На закате солончаки багряные
Н. В. Денисов


ПАСХА ПОД СИНИМ НЕБОМ




В останкинскую дубовую рощу мы ходили по вечерам «слушать соловья». Идиома эта затвердилась на нашем курсе с легкой руки севастопольца Вани Тучкова, с которым я прожил рядом в одной комнате все наши экзаменационные и установочные сессии, растянувшиеся на пять с половиной вузовских лет – в Литературном институте. Как раз строилась Останкинская телебашня, и всякий раз, приезжая на очередную сессию, для заочников – это месяц в сентябре-октябре, затем еще месяц поздней весны или начала лета, мы первым делом отмечали, насколько за наше отсутствие в Москве продвинулось строительство. Основание башни – этакая фантастическая лапища, упершаяся в землю наподобие инопланетного летательного аппарата, было скрыто коробками домов, и только бетонная «труба», опутанная тросами, шлангами, строительными механизмами, упорно тянулась и тянулась к небу,

Ваня дивился, глядя на «трубу» из окна нашей общаги, прицокивал языком, придумывал этой «трубе» грубоватые сравнения, наконец, измаявшись от ничегонеделания, учебники он аккуратно укладывал под подушку – «во сне сами войдут в голову!» – тормошил меня, углубившегося в книгу: «Кончай, пойдем соловья слушать!» Я сопротивлялся, мол, надо готовиться, завтра экзамен по зарубежке сдавать! «Все сдадим... Кроме Севастополя! Пойдем!»

Пафос про «Севастополь» убеждал меня – надо! Откладывал учебник, натягивал свои флотские клёши, потуже перепоясывался широким ремнем с якорем и звездой на надраенной бляхе – еще не успел отвыкнуть от недавних строгих порядков на службе! – и мы выходили под останкинские небеса.

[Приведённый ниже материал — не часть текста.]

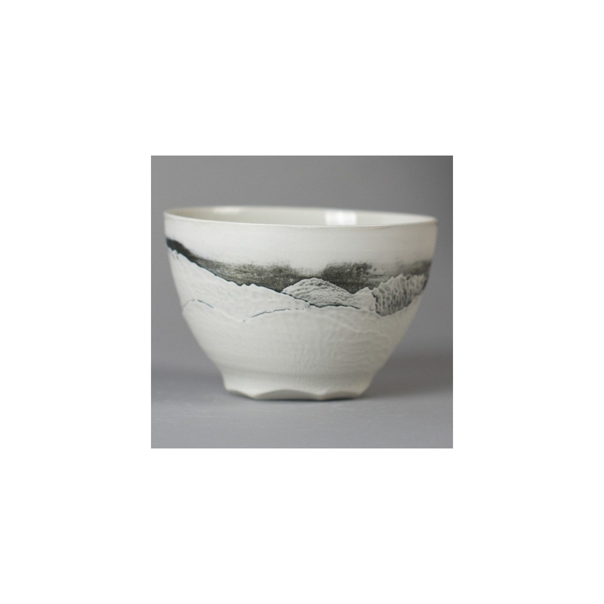 Bol en porcelaine de la collection "Aléasucs" noir et blanc, extérieur décor en relief fait de strates de porcelaine intérieur émaillé.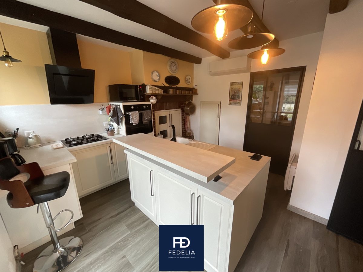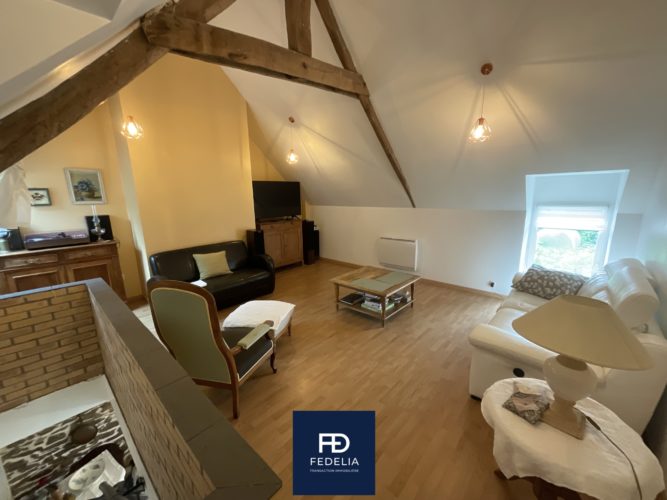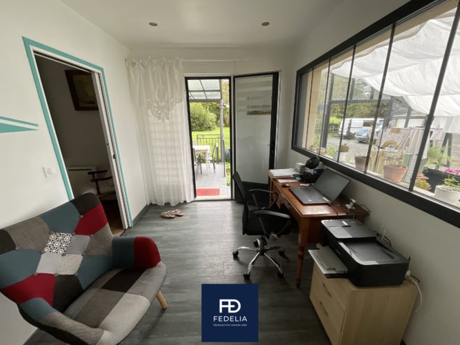 La maison se compose au rez-de-chaussée d’une cuisine équipée, d’une arrière-cuisine, d’un séjour lumineux exposé au sud, d’un espace bureau, d’une chambre ainsi que d’une salle d’eau.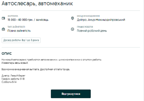 Автомеханік у Дніпрі може заробити від 15 до 40 тис. грн на місяць. Працювати потрібно буде 6 днів на тиждень, у будні з 9 до 18:00, а в суботу – з 9 до 14:00. Можлива щоденна виплата грошей.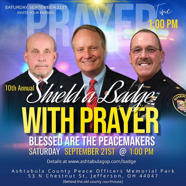 On Saturday, September 21, 2024, at 1:00 PM, the tenth annual Shield a Badge with Prayer will take place at the policeman‘s memorial in downtown Jefferson, Ohio.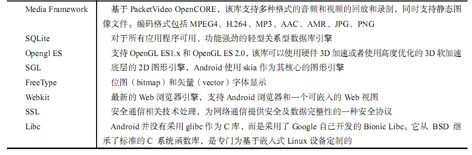 系统运行库层包括程序库和 Android 运行库两部分,下面分别来介绍这两个部分。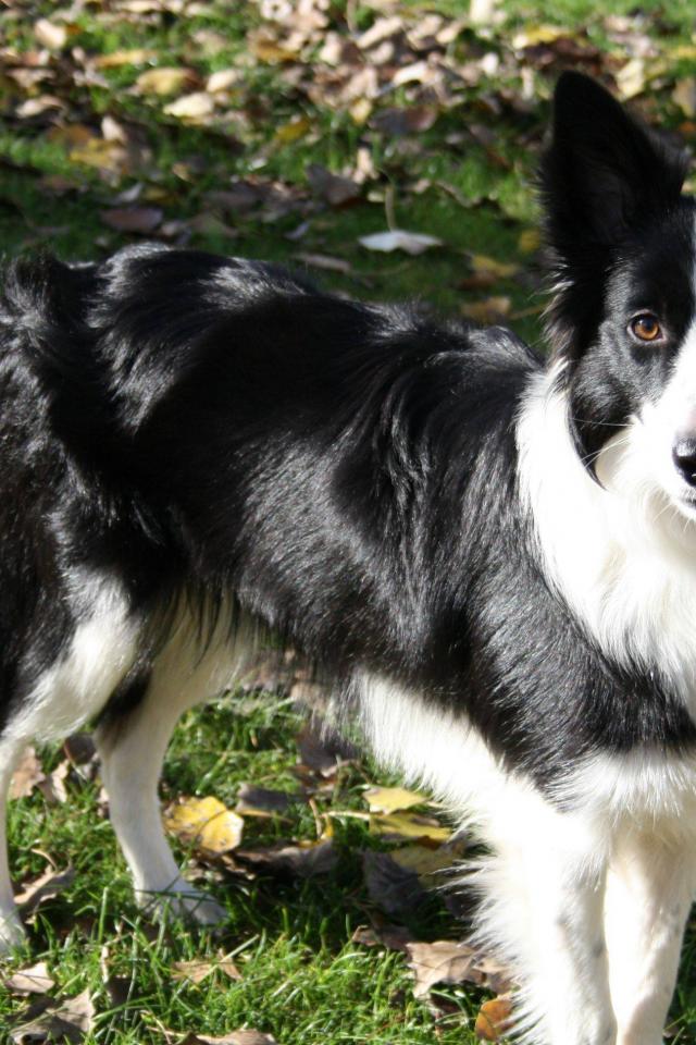 Wallpaper Border Collie walking on autumn leaves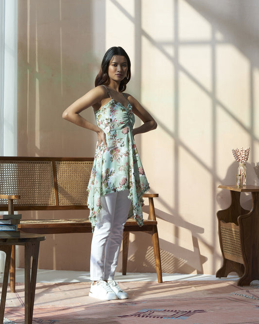 Floral Printed Strappy Top With High Low Hem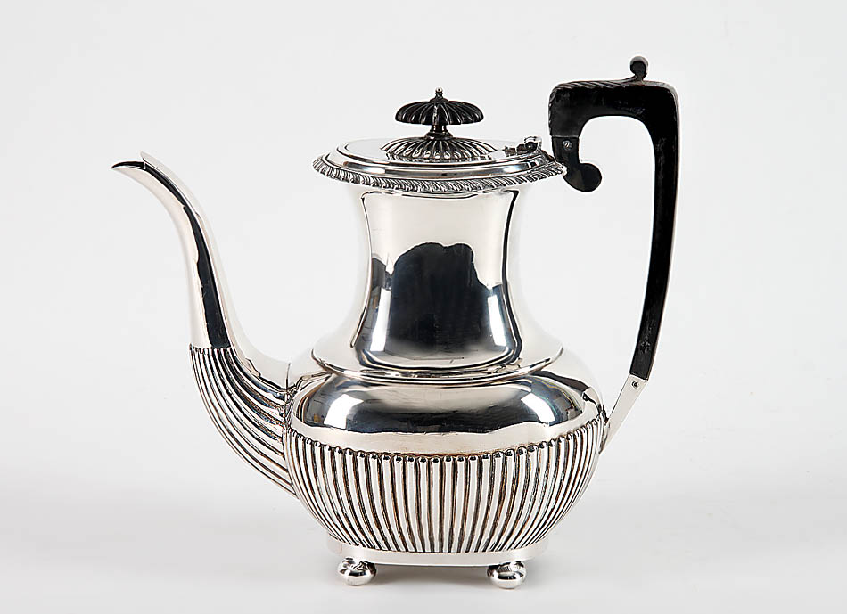 England, Sheffield. 925er Silber, Jahresbuchstabe ‚d‘ für 1896. Bauchiges Schultergefäß auf gedrückten Kugelfüßchen, konischer Hals oben ausschwingend mit Reliefrand, Scharnierdeckel mit Reliefmuster und Holzknauf, geschwungener Reliefausguss, kantiger, schwarz gebeizter Holzhenkel. H 23,7 cm. Mehrere kleine Dellen. 777g brutto.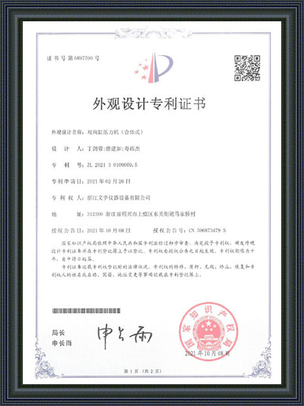 Patentzertifikat für das Aussehensdesign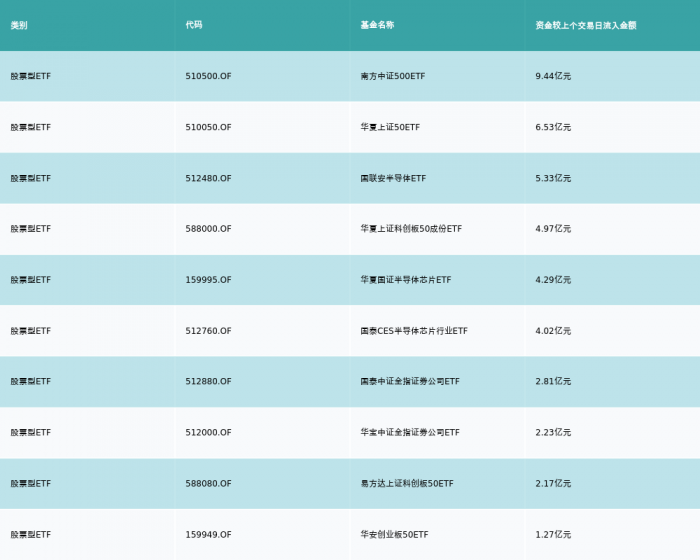 昨日股票型ETF资金流入最多的3支ETF及其流入金额分别为:南方中证500ETF(流入9.44亿元)、华夏上证50ETF(流入6.53亿元)、国联安半导体ETF(流入5.33亿元)。资金流入前10详情见下表: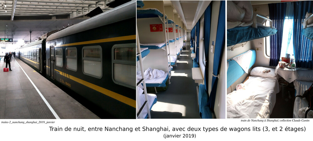 Le train entre Beijing et Tianjin était aussi un train à grande vitesse. Les quelques 130 kilomètres furent parcouruent en moins de 45 minutes. Par contre, le train entre Nanchang et Shanghai était un train plus "traditionel": il n'allait pas très vite, et s'arrêtait souvent dans une gare un certain montant de temps. Nous avions réservés deux lits; j'avais celui de bas, et mon garçon celui du haut (deux autres passagers étaient aussi dans notre chambre). Pour des lits plus "modiques", six personnes occupent la chambre (et les matelas sont moins épais).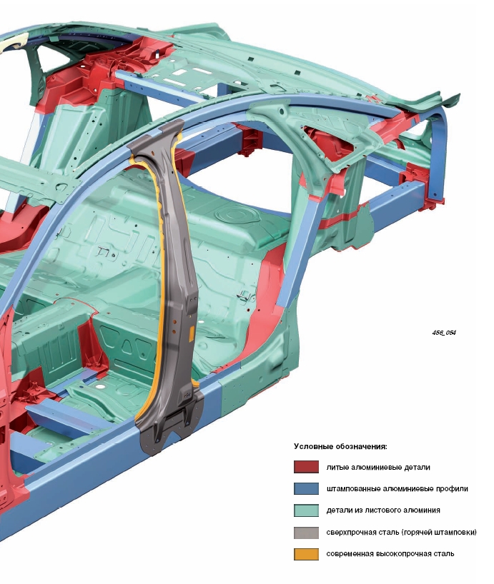 кузов выполнен из сплавов аллюминия,их 7 видов использовано.

Как пели соловьи в прохладные черемуховые майские вечера, какие трели-коленца выдавали в теплые ночи июня! Иногда, случалось это чаще по выходным, я уходил в дубовую рощу один, раскинув прихваченное одеяло, устраивался с книжкой под уютным кустом. Ходили мы еще в Ботанический сад, что рядом с ВДНХ, тоже оккупировав какую-нибудь реликтовую полянку из пахучих трав, погружались в свои конспекты. Иной раз, обнаружив сие безобразие, прогоняли нас сторожа Ботанического, и мы опять шли в дубовую рощу, где никакой стражи...

Теперь, по прошествии лет, когда судьба разбросала нас, литинститутцев, по суверенным государствам (вот и Ваня Тучков за кордоном, а говорил – «Севастополя не сдадим!»), горько сознавать (и мы виновны, дававшие воинскую Присягу Родине!), что в октябре 93-го по этой дубовой роще хлестали очередями ельцинские бэтээры, сбивая листву с деревьев, между которыми метались в вакханалии демократического побоища люди, истекали кровью, умирая с остекленевшим ужасом в глазах, вопрошая в холод серого неба: за что?!

Соловьи, соловьи...

Но это будет потом, через годы, когда в стране победит серость, а она беспощадна и мстительна, кроваво отомстит за своё прошлое многолетнее пресмыкательство, за бездарность, за нищету своего духа. Повсеместно отомстит. Во всех сферах жизни.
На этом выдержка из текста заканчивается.